42

Mardell dressed carefully. She put on her gold sweater, which she had worn the first time she had lunch with Charley, and made sure that her Cleopatra hair was precisely in place. The outfit had moved Charley to expressions of admiration and she did want to make a good first impression on Miss Prizzi, if only because she wanted Miss Prizzi to be proud of Charley’s choice of her as a rival for Miss Prizzi’s affections.

Miss Prizzi had telephoned the evening before. She had been very correct, not one bit rude or vulgar. She said she wanted to come by for a chat. A chat? Well! Miss Prizzi had been so correct that Mardell had felt constrained to invite her for tea. Promptly at five the doorbell rang, and it was Miss Prizzi.

Mardell’s English speech was entirely in place. “How do you do, Miss Prizzi,” she said, extending her hand. She felt that it was impossible to overdo the accent. Maerose took her hand and shook it, silently. They went into the living room, where the tea things had been laid out.

“I didn’t know whether you preferred high tea,” Mardell said, “so I settled at a medium-high level. Please do sit down here.”

Maerose sat contemplating the medium tea, staring hungrily at the small pile of tiny, paper-thin smoked salmon and cucumber and watercress sandwiches. “That looks delicious.”

“The tea is vintage Darjeeling, from the highest Himalayan tea gardens. One hopes you like Darjeeling. One was leaning toward Lapsang souchong even though it is smoky and pungent.”

Maerose glared at her. “I have looked forward to meeting you.”

“I, you, as well.” Mardell tried to pattern her performance on her distinct memory of Dame Edith Evans.

“I understand you work at the Casino Latino?”

“Yes.”

“My grandfather owns it.”

“Well! Your grandfather. There is a really famous man.”

“Yeah.”

“I have a friend—a Miss Harriet Blacker—who is working for graduate degrees in the behavioral sciences. She would give her toes to meet your grandfather.”

“He’s quite old, my grandfather. And retired. He doesn’t see people anymore.”

“Pity. How nice of you to come by.”

“I am here to talk to you about Charley.” Maerose’s speech was taking on the slightest of British accents, Mardell noted, feeling that scored points for the La Tour side.

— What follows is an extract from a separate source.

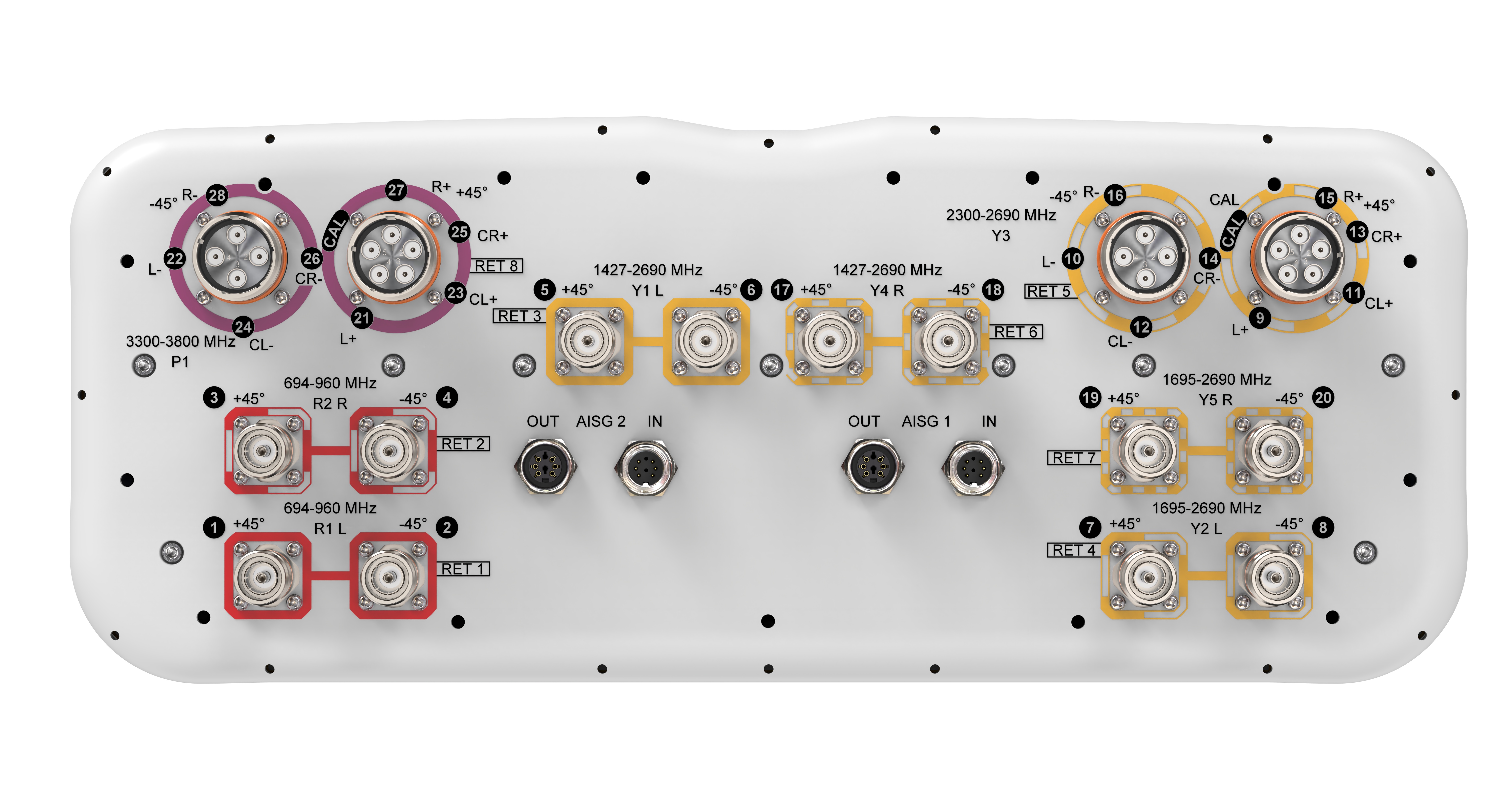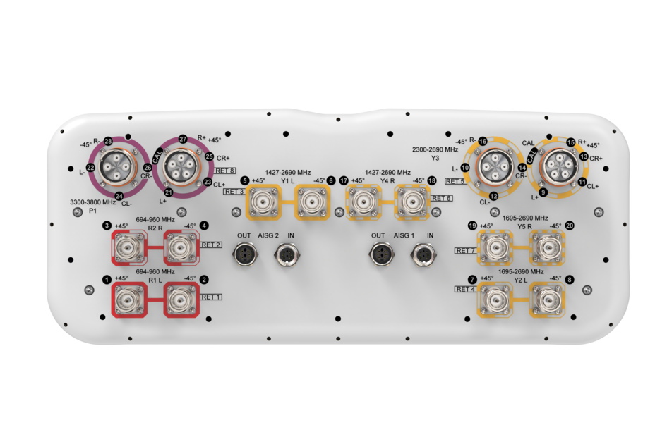 28-port sector antenna, 4x 694–960, 4x 1427-2690 and 4x 1695- 2690 MHz 65° HPBW, 8x 2300–2690 and 8x 3300-3800MHz, 90° HPBW, 8x RET

“It would all have been so much more effective if Charley had been here,” Mardell said. “While we were both here, that is.”

“Charley’s in New Orleans.”

“Yes, I know.”

“Miss La Tour—I do not want you to think I am interfering in your life, but there are things which I had to be sure that you understood completely.”

“Tea?”

“Thank you.”

Mardell poured the tea. “This tea is better by itself or with a slice of lemon. It is a totally distinctive tea. Lemon?”

“Yeah.”

“Salmon?”

“Why not?”

Mardell served her a plate with five half tea sandwiches. “It is just that I don’t think the decision is ours to make,” she said.

“Decision?”

“About Charley. If one or the other of us left him, he might decide it was the wrong one. You see, I feel he must decide this thing.”

“It is out of the question. Our engagement—our intention to marry—is very much a family thing, Miss La Tour. My family have made involved plans over the years, since we were kids, actually, so—well, even if he were to choose you over me—temporarily—it couldn’t last.” Maerose’s voice hardened. “Do you understand what I am telling you?”

“But if he chooses me over you, I would feel there was no need for me to—ah—sacrifice myself. I would feel, in fact, that you did not—ah—deserve Charley. No, Miss Prizzi. Not at all. I am not going to withdraw without hearing a decidedly firm expression. There is no other way. Charley must decide this.”

Maerose sipped her tea delicately. She opened her purse after biting into the second paper-thin smoked salmon sandwich. She removed a checkbook from the purse.

“Since I am going to have you fired from the Latino,” she said, discarding stilted speech. “You are gonna need money. How much you think you’re gonna need?”

“Money?”

“A straight payoff, baby. I’m gonna give you twenty-five hundred of the easiest dollars you ever made, and you are gonna change the locks on your doors here.”

“Suppose I take the money but Charley won’t let me go?”

“Look, Mardell—I’ll make it an even thirty-five hundred dollars. Also, I’ll pay your expenses for like a week in Nassau or someplace like that. Why not go back to England? You stay away for ten days, two weeks. By that time it will all be over.”

Mardell smiled a pussycat smile. “I’m so sorry, Miss Prizzi. Can’t be done. I’ll wait right here and put the question to Charley a few moments after he walks through that door.”